How to compare 2011 NHS population estimates with 2011 Census population counts
The goal here is to compare what the 2011 Census found the actual population to be, with what the 2011 NHS estimated the population to be. If the actual population and population estimate are close, the NHS data are more likely to accurately represent the underlying population. Like the GNR, this is not perfect, but it will help to paint a general picture of data quality.
First, download and open the data quality spreadsheet.
If you're interested in census metropolitan areas, census agglomerations, or census tracts, then select the tab called "CMACACT".

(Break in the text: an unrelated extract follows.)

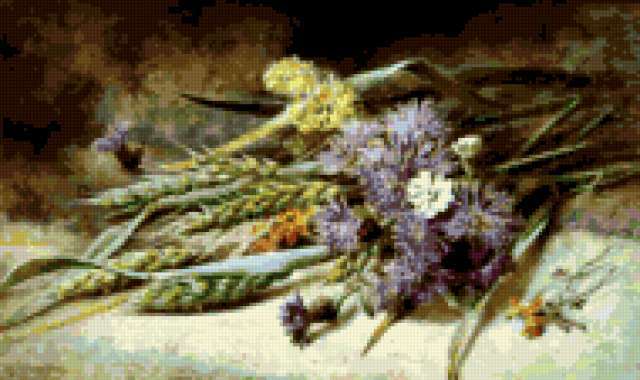 Ориентировочно так, схема вышивки «&6356», созданная автором Axlamonka, будет выглядеть при отшиве на канве. Размер данной вышивки равен 190x113 крестов, при этом используется 61 цветов. Ключевые слова, по которым можно найти эту схему: букет, натюрморт, колоски, васильки, цветы. картина. Также, вы можете взглянуть на оригинальную картинку, соответствующую данной схеме вышивки.

If you're interested in Canada, provinces or territories, census divisions, census subdivisions, or dissemination areas, then select the tab called "CDCSDDA".
The column named "c_pop" is the 2011 Census population count. The column named "n_pop" is the 2011 NHS population estimate. The column named "n_pop / c_pop" is the ratio of the 2011 NHS population estimate to the 2011 Census population count.
The value in this last column will tell you how much higher or lower the NHS population estimate is, in comparison to the population Census count. A value lower than 1 means the NHS estimate is lower than the Census count. A value higher than 1 means the estimate is higher than the count. A value of 1 means the estimate and count are identical. The closer this number is to 1, the better.
How to check NHS data against other data sources
This process is less simple than the first two. Because Taxfiler data aren't available at the census subdivision or dissemination area level, it can be difficult to make comparisons between non-tracted census geographies in the NHS and postal geographies in Taxfiler data. That said, there are strategies. We'll touch upon some of them at an upcoming CDP webinar on Taxfiler and NHS data.
Preliminary mapping of global non-response rates
Some consortia have begun working with GNR rates in their communities. In Regina, York Region, and Peel Region, we've seen maps of GNRs by census tract. Feel free to check them out. Mapping GNRs in your respective communities is a good way to better understand NHS data quality from a geographic perspective.
|View the map of GNRs in Regina (forthcoming)||View the map of GNRs in York Region|
If you've mapped the GNR in your community, or done anything else with NHS data, let us know so that we can share the experience with other consortia across the country.
We hope this helps and inspires you to use the NHS, despite its shortcomings. And as always, happy data!